# Road friendly tyres for a 29er



## M1ke (13 Oct 2013)

I have been searching high and low for a suitable replacement for my Specialized Rockhopper Pro knobbly tyres. I tend to do alot of road riding with occasional dirt tracks. I discovered Shwalbe Big Apple's and what a difference they made. I went for the 700x2.15 which look surprisingly good on the bike. They have puncture protection and there is practically no resistance and the grip in the wet is brilliant. Watch out in the mud though. All in all highly recommended!
http://www.evanscycles.com/products...aceguard-commuter-tyre-for-700c-rims-ec046027


----------



## mcshroom (13 Oct 2013)

Schwalbe Marathons would be a pretty decent compromise tyre in that situation as well


----------



## Bodhbh (14 Oct 2013)

After coming to terms with the fact most of my off-roading is: a) fair weather b) involves at least twice as much road...I fitted some 2.35 big apples a couple of months ago. I really like em. Yep they're not great in mud, but actually better than I expected (huge volume must help). Very comfy, look good, roll fine, no deflation events. Main downside is the weight of them makes acceleration a 4hour project. Still don't care as use them on a rural commute with few stops.


----------



## M1ke (14 Oct 2013)

Bodhbh said:


> After coming to terms with the fact most of my off-roading is: a) fair weather b) involves at least twice as much road...I fitted some 2.35 big apples a couple of months ago. I really like em. Yep they're not great in mud, but actually better than I expected (huge volume must help). Very comfy, look good, roll fine, no deflation events. Main downside is the weight of them makes acceleration a 4hour project. Still don't care as use them on a rural commute with few stops.

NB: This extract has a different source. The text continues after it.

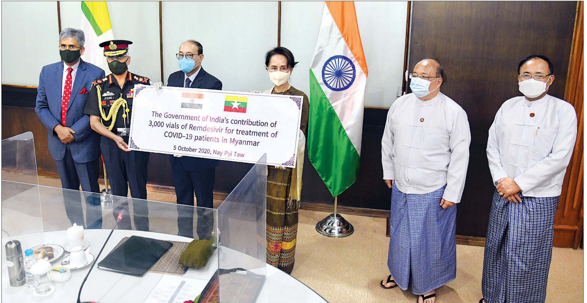
နိုင်ငံတော်၏အတိုင်ပင်ခံပုဂ္ဂိုလ် ဒေါ်အောင်ဆန်းစုကြည် အိန္ဒိယအစိုးရက မြန်မာအစိုးရထံသို့ လှူဒါန်းသည့် COVID-19 ကူးစက်ရောဂါ ကုသရေးတွင် အသုံးပြုမည့် Remdesivir ထိုးဆေး (၃,၀၀၀)ကို အိန္ဒိယ နိုင်ငံခြားရေးအတွင်းဝန်ထံမှ လွှဲပြောင်းလက်ခံစဉ်။

* ရှေ့ပိုင်းမှ ထို့ပြင် အိန္ဒိယနိုင်ငံမှ စမ်းသပ်ထုတ်လုပ်နေသည့် ကိုဗစ်-၁၉ ကာကွယ်ဆေး အောင်မြင်ပါက မြန်မာနိုင်ငံအပါအဝင် မိတ်ဖက်နိုင်ငံများနှင့် ပူးပေါင်းထုတ်လုပ်သွားနိုင်ရေး၊ စစ်တွေဆိပ်ကမ်းအား ၂၀၂၁ ခုနှစ် အစောပိုင်းကာလတွင် လည်ပတ်သွားနိုင်ရေး၊ ရခိုင်ပြည်နယ်တွင် လူငယ်များ အတွက် အသက်မွေးဝမ်းကျောင်း သင်တန်းများဖွင့်လှစ်

What psi do you inflate them to?


----------



## Bodhbh (14 Oct 2013)

M1ke said:


> What psi do you inflate them to?



I dunno. Well, I inflate to 50-55 at the back and 40 at the front but I've been tending to leave em deflate while I get a feel for them. Don't think they've been softer than 30 back / 25 front. You do start to notice em dragging under 30. I'm thinking I prefer em pumped up - at least for the road.

55psi is the max for the 2.35s...guess for the 2.15s might be slightly higher.


----------